Ames is one of 25 winners of MacArthur Fellowships for 2005.

“His studies,” stated the MacArthur Foundation in announcing the grant, “draw distinctively from the anecdotal experiences of aging fishermen to map historical patterns and chart the evolution of current conditions. His work paints a scientifically compelling picture of the complexity of the fish population structure in the Gulf and identifies new strategies for individual and institutional marine management in the region.”

Ames, 66, is a former staff member of the Island Institute, which published his “Cod and Haddock Spawning Grounds in the Gulf of Maine” in 1997. The booklet described Ames’s two-year effort to gather information from older fishermen about “ripe and running” cod that once spawned in the inshore waters of Maine and Massachusetts.

In a somewhat unusual departure from ordinary scientific publishing, the 1997 booklet included a powerful narrative, also by Ames, describing a “run” of giant cod encountered by a Jonesport fisherman, Roger Beal, Sr., on April 7, 1942. “I’d heard the story before,” Ames wrote, “but had always taken it with a grain of salt.” But in the course of his interviews for the spawning grounds project, he encountered Beal, who “finally put the issue to rest.
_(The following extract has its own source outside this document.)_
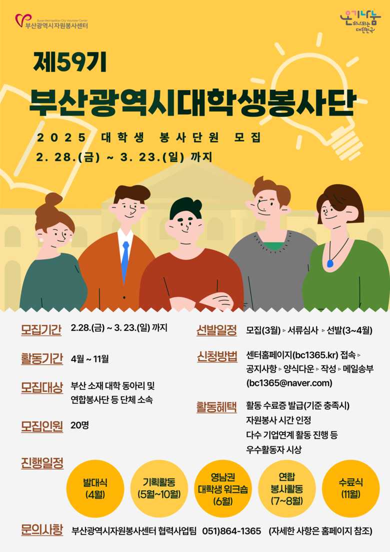 박경옥 부산광역시자원봉사센터장은 “청년들이 가진 재능과 열정이 모이면 지역사회에 더 큰 변화를 만들어낼 수 있다”며 “대학생 봉사단이 자신만의 방식으로 지역의 문제를 발견하고 해결해 나가며 더불어 성장하는 경험이 되길 바란다”고 밝혔다.

The Machias Bay spawning run of giant cod had actually happened.” Ames’s account appeared first in Island Journal, and was then incorporated in the 1997 booklet, which also featured maps and statistics on historic inshore cod spawning areas.

“Ted Ames is a home-grown genius who has developed a whole new methodology for understanding the ecology of groundfish,” said Philip Conkling, president of the Island Institute. In 2004, following Ames’s nomination for the MacArthur grant, Conkling was asked to write an evaluation of Ames’s contributions to marine ecology.